D’où vient le mot « falsafa », signifiant « philosophie » en arabe ? La falsafa est tout simplement un terme directement calqué sur le terme grec ayant donné « philosophie » en français (philosophie signifie amour de la « sophia », c’est-à-dire de la sagesse).
Ce qui s’est passé est simple à comprendre : le christianisme a rejeté les païens, et donc également les penseurs se situant dans les traditions philosophiques, principalement de Platon et d’Aristote.
Khosro 1er (488-531), également surnommé Anushiravan (âme immortelle), qui dirigeait alors la Perse, devint alors le véritable roi-philosophe, faisant venir des philosophes de Grèce ainsi que d’Inde, faisant traduire des documents du grec, du sanskrit, du syriaque.
Exemple de ce jeu intellectuel : une cour indienne envoya un jeu d’échecs à Khosro et son premier ministre (son « vizir ») en les défiant de comprendre le principe du jeu. Ils y arrivèrent, et envoyèrent en échange un jeu de backgammon, défiant pareillement la cour indienne.
C’est également à cette époque que le Pañchatantra est traduit du sanskrit en persan (nous en parlions précédemment, alors qu’il fut traduit vers l’arabe, et arriva par la suite jusqu’à La Fontaine qui s’en inspirera).
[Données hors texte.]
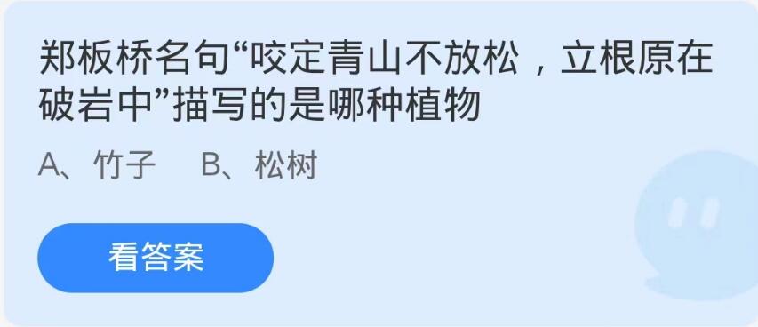 蚂蚁庄园9月22日问题:郑板桥名句“咬定青山不放松,立根原在破岩中"描写的是哪种植物?很多小伙伴不知道咬定青山不放松,立根原在破岩中这个名句中的立根原是破岩中的哪种植物,那么下面小编就为大家带来了蚂蚁

Khosro recueillit ainsi, dans le cadre de son règne philosophique, les « néo-platoniciens » Damscius, Simplicius, Eulamios, Priscien, Hermias, Diogène et Isidore de Gaza… c’est-à-dire les derniers « philosophes », ceux de « l’école d’Athènes » expulsée par l’empereur byzantin Justinien.
Il y a ici un moment clef de l’histoire. Une académie fut en effet fondée à Gundishapur, avec une bibliothèque, un observatoire, un des tout premiers hôpitaux, et le premier à créer des sections pour chaque pathologie…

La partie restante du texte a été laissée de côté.